Greek Moussaka Recipe - Cooking Index
3 | Eggplants (large) | |
Kosher salt - to taste | ||
Freshly-ground black pepper - to taste | ||
Extra-virgin olive oil | ||
1 | Onion - chopped (medium) | |
2 | Garlic cloves - minced | |
1/2 | Lemon - sliced thin circles | |
1 | Handful fresh oregano leaves - chopped | |
2 | Handfuls fresh flat-leaf parsley - chopped | |
2 lbs | 908g / 32oz | Ground lamb |
1 | Cinnamon stick | |
3 tablespoons | 45ml | Tomato paste |
1 | Whole tomatoes - (16 oz) - drained, and | |
Hand-crushed | ||
8 oz | 227g | Feta cheese - crumbled |
1 cup | 237ml | Freshly-grated Parmesan |
1 cup | 146g / 5.1oz | Fresh bread crumbs |
To prepare the eggplants: Cut off the stems, remove the skin with a vegetable peeler, and cut lengthwise into 1/2-inch thick slices. Season all the pieces of eggplant with salt and pepper on both sides. Coat a large skillet with oil and heat over medium flame.
Fry the eggplant in a single layer, turning once, until brown on both sides -- you will need to do this in batches, adding more oil, as necessary.
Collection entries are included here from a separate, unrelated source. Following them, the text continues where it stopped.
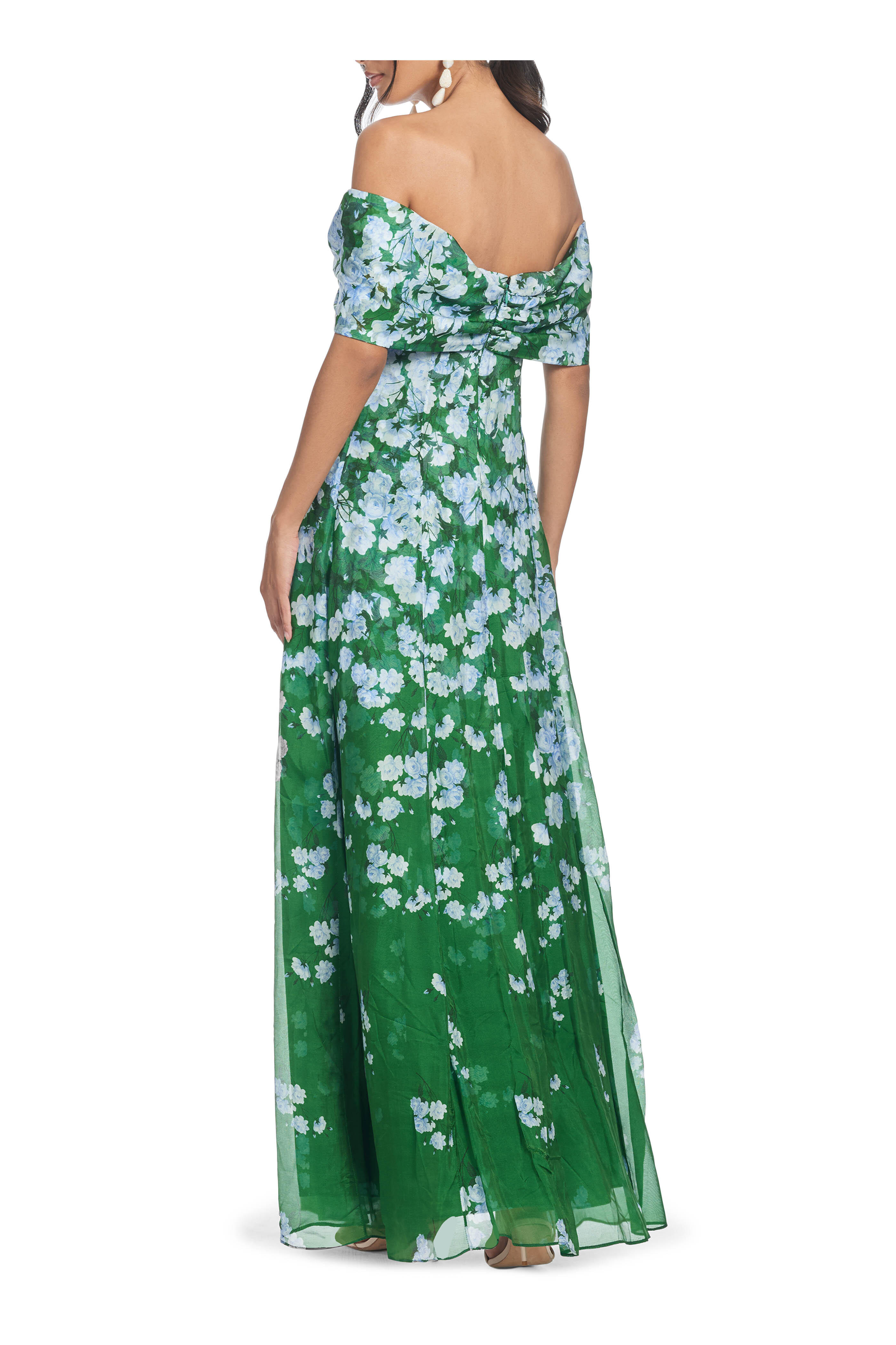 Off the shoulder neckline. Back zip closure. Imported. Approximately 61 ½" shoulder to hem. 74% viscose, 26% silk; lined. Dry clean.
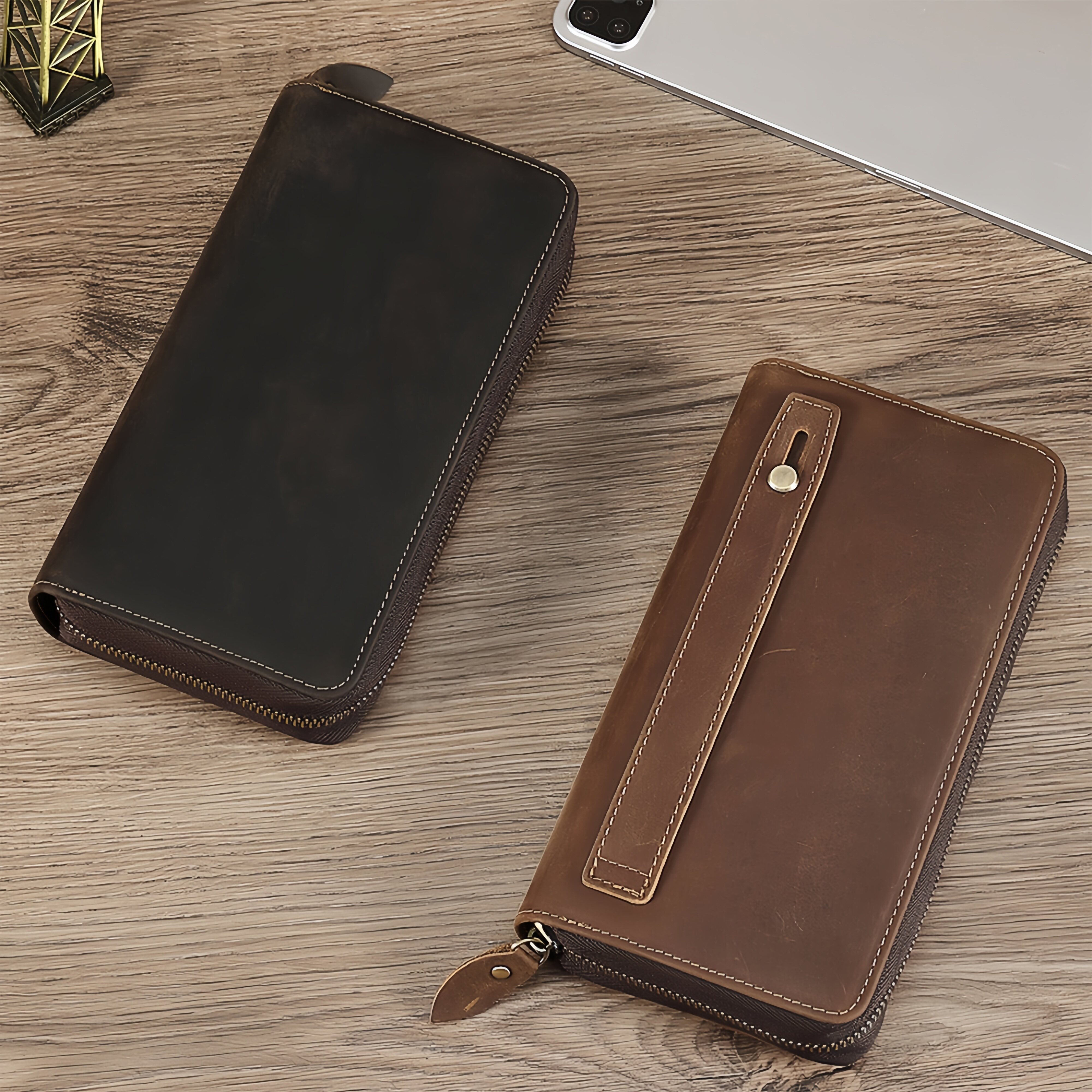真皮男士手拿包手机包防盗刷消磁大容量收纳疯马皮棕色复古长款手抓包商务拉链皮夹钱包屏蔽NFC/RFID扫描咖色
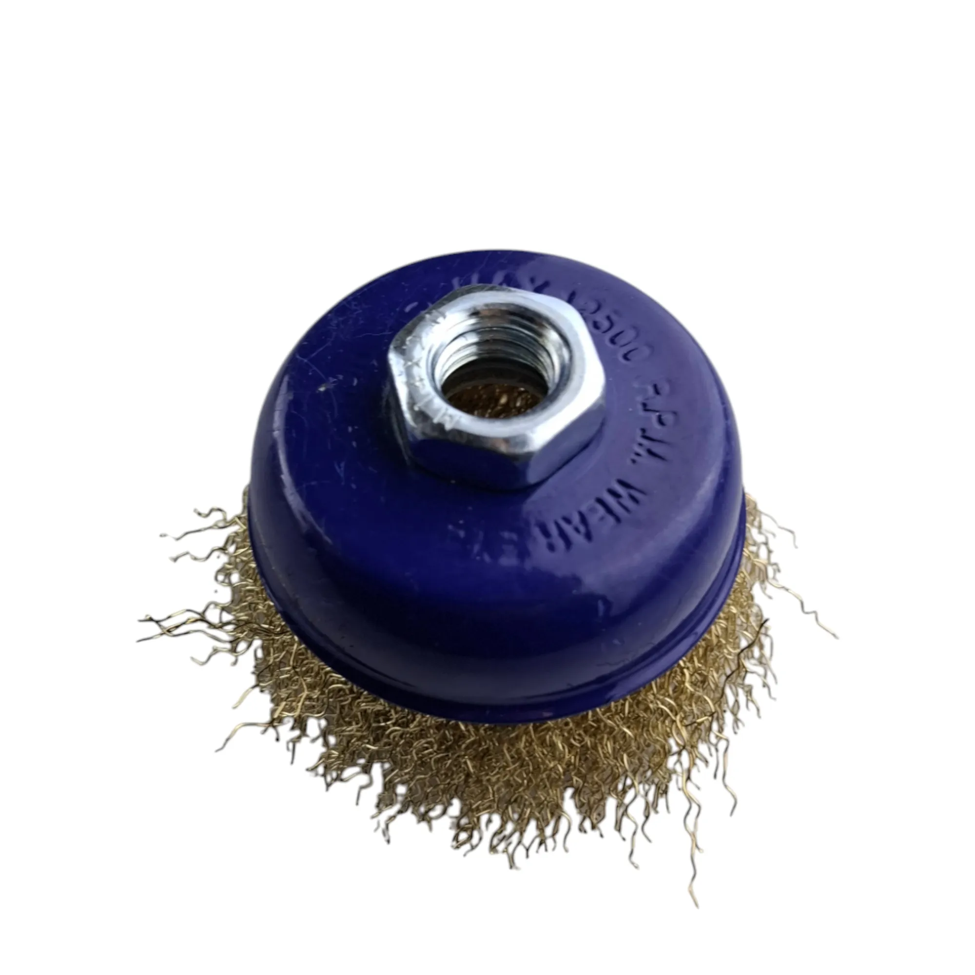 Чашечная латунированная корщетка 65 мм предназначена для установки на угловую шлифовальную машину (УШМ, "болгарку"). Она используется для интенсивной очистки, удаления стойких загрязнений и обработки больших площадей.
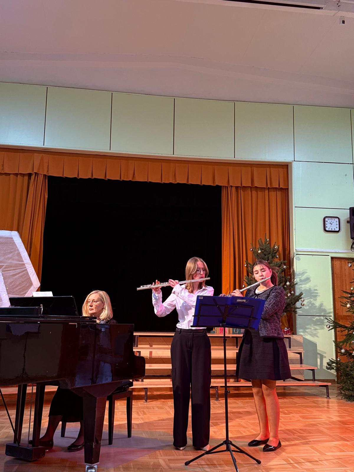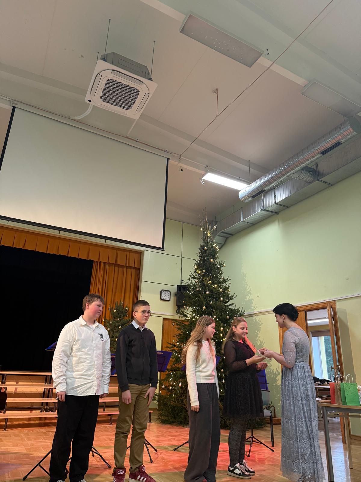 Par muzikālo baudījumu 1. semestra noslēguma pasākumā parūpējās Salacgrīvas Mūzikas skola. Sirsnīgs paldies talantīgajiem mūziķiem – Augustam Eizenbergam (5.a), Odrijai Bužai (5.b), Emīlam Kukulim (6.a), Albertam Treijam (6.a), Halinai Endei (6.b), Lotei Bergai (8.a), Kristiānai Reiziņai (8.b), Annai Viļļai (8.b) un Simonai Rutei Vilemsonei (9.b) – par skaistajiem priekšnesumiem un svētku noskaņas radīšanu.
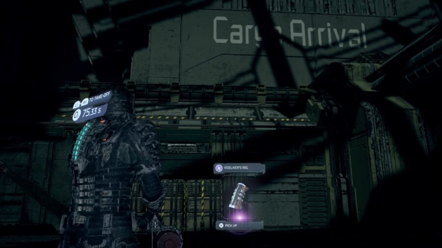 First up is Voelker’s rig, which you might have already found prior to starting the quest, you can find it in the oxygen-deprived Hangar where Hammond previously switched off the gravity back in Chapter 2. Head right to the back and look for the Cargo Arrival sign on the far left, you’ll see the rig on the floor.
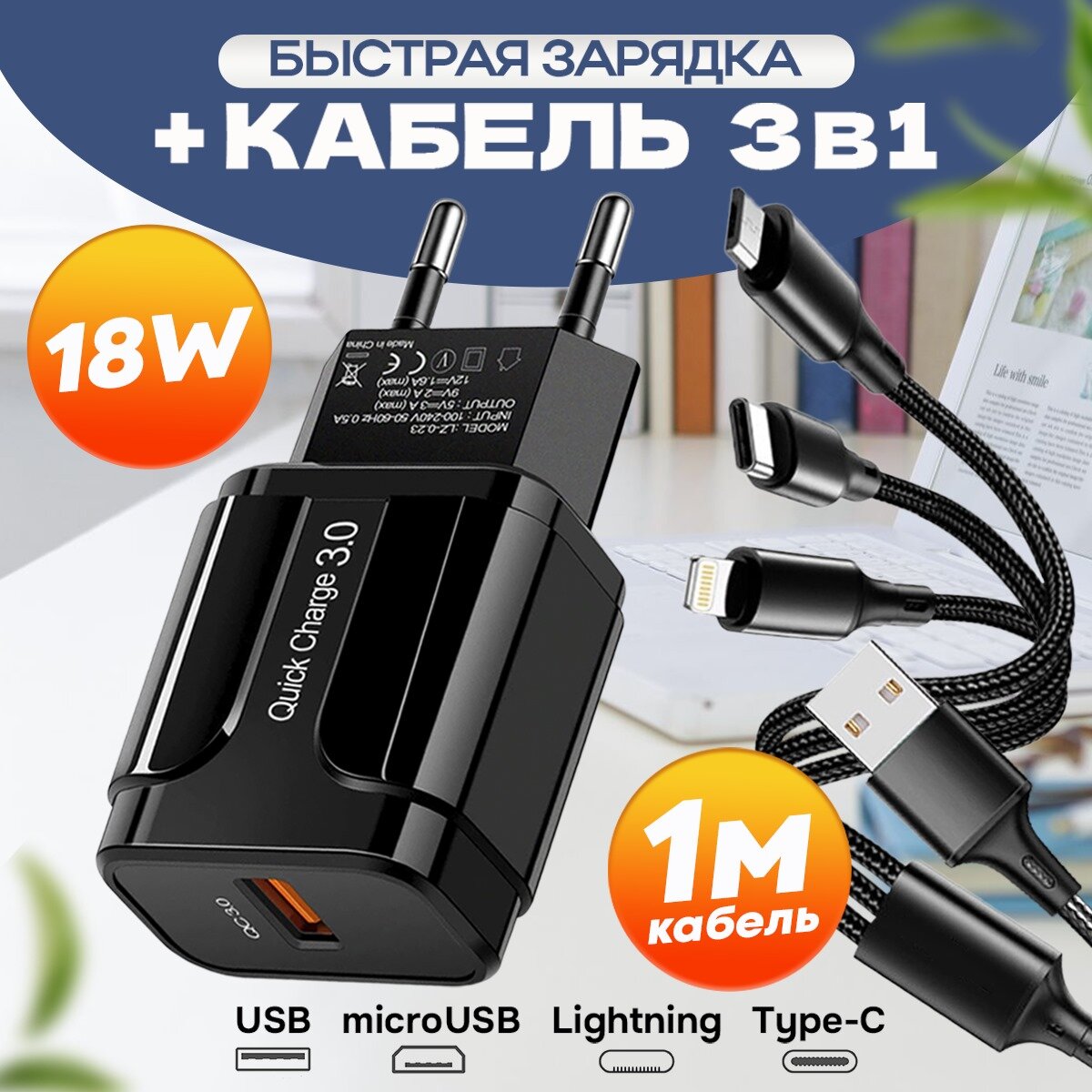 СохранитьКомплект Быстрая зарядка для телефона + кабель 3в1 (18W/QC3.0A) на Android и iPhone / Сетевой блок питания / Скоростной адаптер / цвет черный интересное:
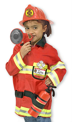 Edad: 3+, aquí¡ esta todo lo que tu bombero necesita para un caso de emergencia: una chaqueta de color rojo brillante, lavable a máquina con adornos de material reflectante, un casco de jefe de bomberos, un "extintor", un megáfono con efectos de sonido, una insignia brillante y una etiqueta para poner el nombre y personalizar este traje.
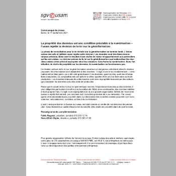 La phase de consultation pour la loi révisée sur la géoinformation se termine lundi. L’Union suisse des arts et métiers usam rejette cette révision. Les données sont des biens économiques précieux. Elles sont le résultat d’une chaîne de valeur et appartiennent aux particuliers qui les ont créées. La révision prévue de la loi sur la géoinformation veut nationaliser les données créées à titre privé et exproprier ainsi les créateurs. Cela freine la numérisation. Sans l’attribution de droits de propriété sur les données, la numérisation ne fonctionnera pas.
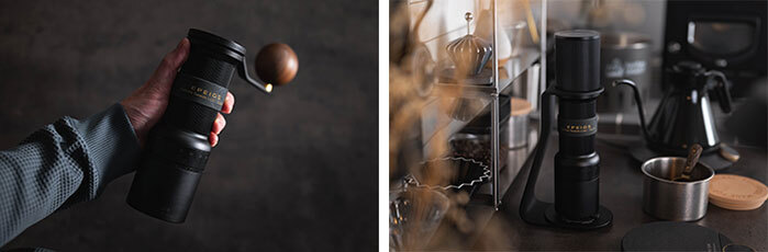 「Essence Duo」は、同社が第15代ワールドバリスタチャンピオンである井崎英典氏による監修のもと開発した、手挽きミル「Essence Go(エッセンスゴー)」の素性のよさはそのままに、モーターユニットを新たに加えることによって、手挽きのハンディーミルとしても電動グラインダーとしても使えるようになった2WAYモデル。
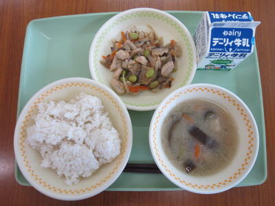 麦ごはん、牛乳、なすのみそ汁、鶏ごぼう炒め
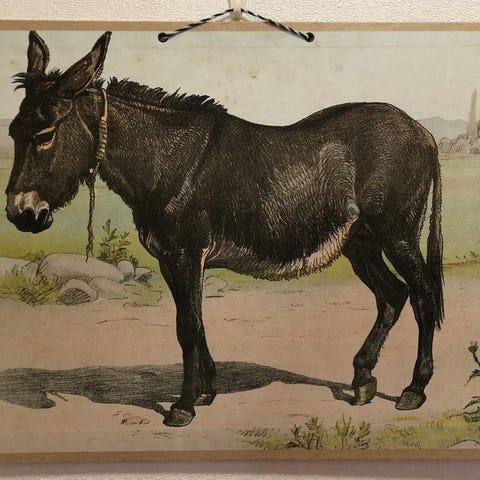 Hieno, koulukäytössä ollut pieni opetustaulu apinoista

Drain the eggplant as they cook on a paper towel-lined platter.
Add a little more oil to the pan and toss in the onion, garlic, lemon slices, oregano, and parsley. Cook and stir until soft and fragrant, about 3 minutes.
Add the ground lamb, stirring to break up the meat; season with salt and pepper, and toss in the cinnamon stick. Stir in the tomato paste and hand-crushed tomatoes. Simmer until the liquid has evaporated, stirring occasionally. Remove from the heat.
Preheat the oven to 350 degrees.
Line the bottom of a 9- by 13-inch glass or ceramic baking dish with 1/3 of the eggplant slices; they should completely cover the bottom with no gaps. Spread 1/2 of the meat sauce over the eggplant, evening it out with a spatula. Sprinkle with 1/2 of the feta and Parmesan. Repeat the layers again, ending with a final layer of eggplant. Cover the top with a nice even layer of bread crumbs.
Bake the moussaka for 30 to 40 minutes or until the top is golden. Let cool 10 minutes before serving.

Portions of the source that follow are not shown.